An exact copy is required of every line from the one with "Litera oraz dodatkowa" through the end of the data below, and the pictures must stay out of it.

---

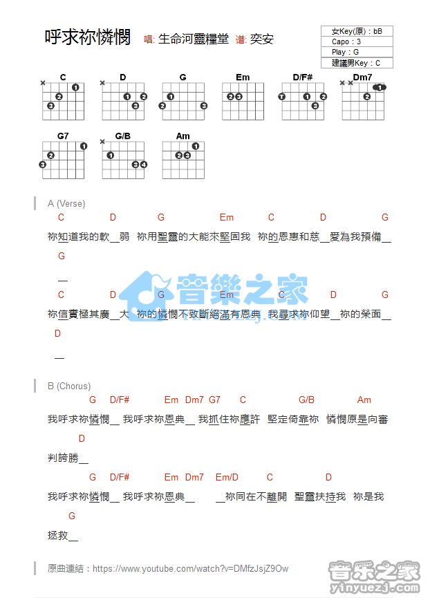 G调版生命河灵粮堂《呼求你怜悯》吉他和弦弹唱谱...
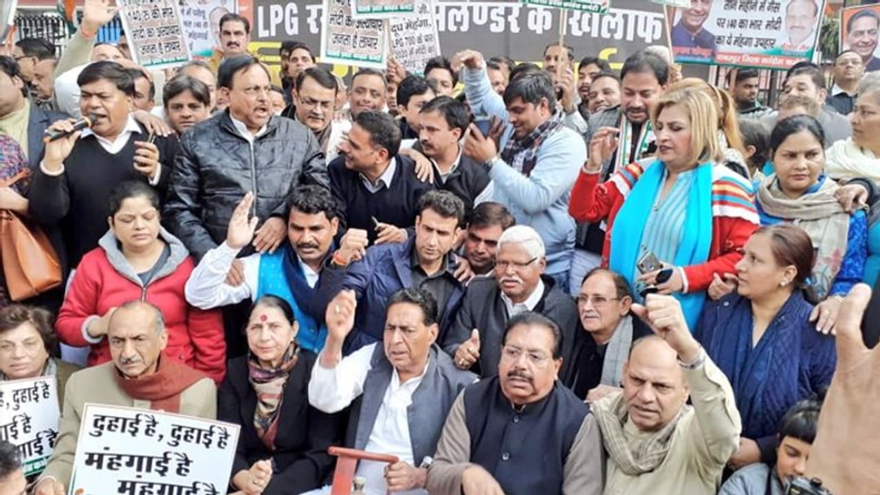 कांग्रेस की दिल्ली इकाई के वरिष्ठ नेताओं ने गैर-सब्सिडी वाले गैस सिलेंडर के दाम में बढ़ोतरी के खिलाफ बृहस्पतिवार को सिलेंडर लेकर प्रदर्शन किया
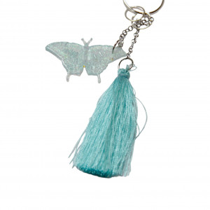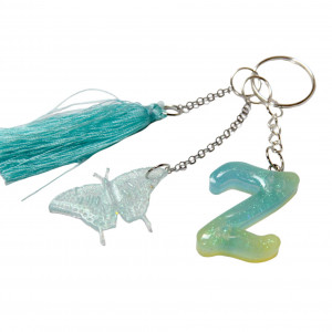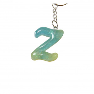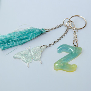 Litera oraz dodatkowa przywieszka zostały wykonane z zabarwionej żywicy epoksydowej, ozdobionej zasuszonymi kwiatkami, brokatem, chwost z nitek wiskozowych, kółeczko i łańcuszki – ze stopu cynku w kolorze srebrnym.
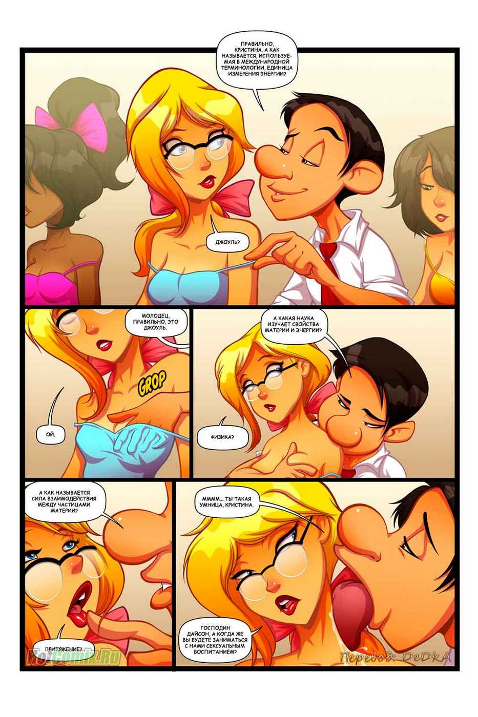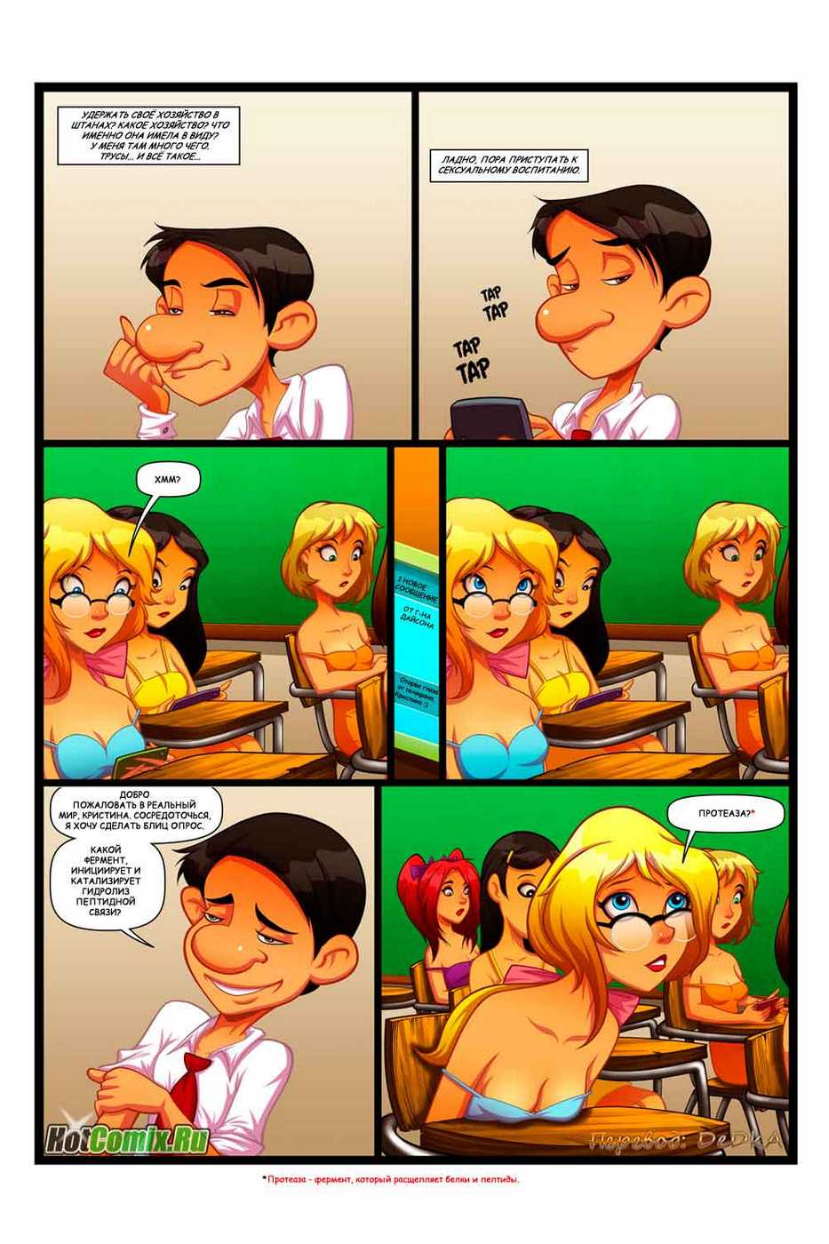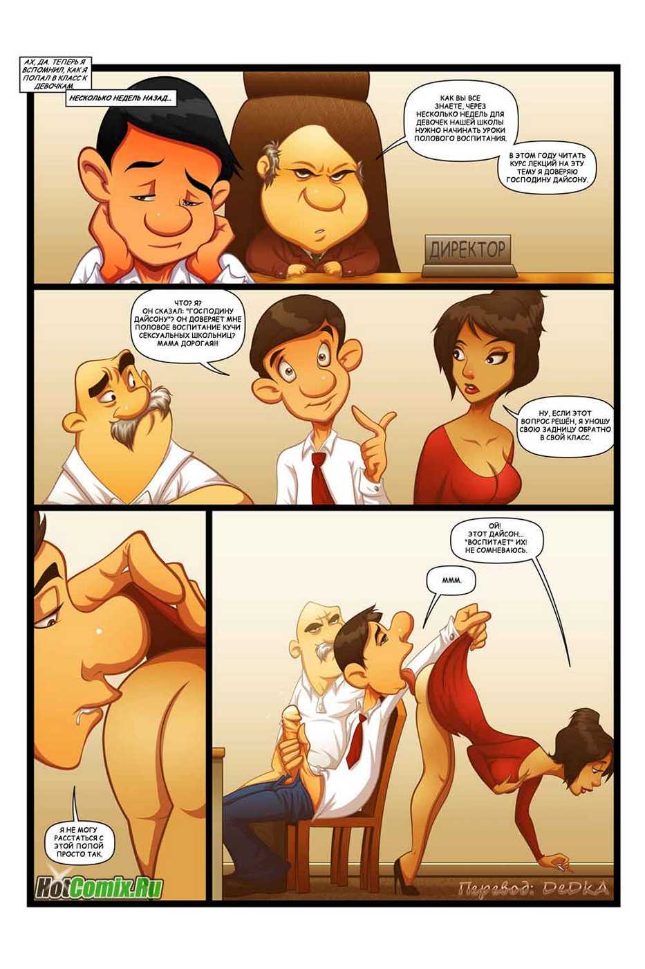 Перед вами новейший порно комикс, пошлая история которого начинается с того, что директору престижного учебного заведения каждый год приходится брать нового преподавателя, читающего лекции по предмету сексуальное образование. И как всегда, он тщательно напоминает новому учителю о том, что ученицам надо только преподавать, а не ебать!!!
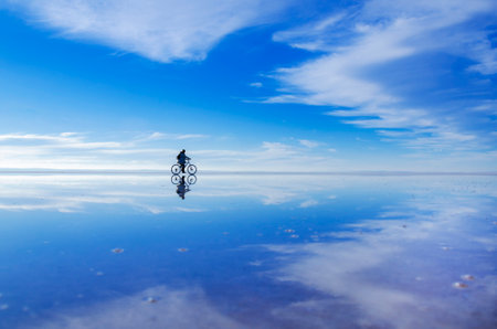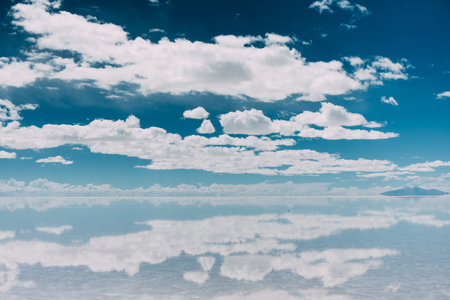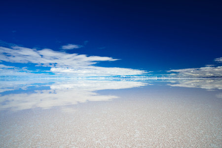 Panoramic photo of bolivian Salar de Uyuni, amazing place in South America. Surface with water makes a mirror.

---

— Answer to this problem —
 Litera oraz dodatkowa przywieszka zostały wykonane z zabarwionej żywicy epoksydowej, ozdobionej zasuszonymi kwiatkami, brokatem, chwost z nitek wiskozowych, kółeczko i łańcuszki – ze stopu cynku w kolorze srebrnym.
 Перед вами новейший порно комикс, пошлая история которого начинается с того, что директору престижного учебного заведения каждый год приходится брать нового преподавателя, читающего лекции по предмету сексуальное образование. И как всегда, он тщательно напоминает новому учителю о том, что ученицам надо только преподавать, а не ебать!!!
 Panoramic photo of bolivian Salar de Uyuni, amazing place in South America. Surface with water makes a mirror.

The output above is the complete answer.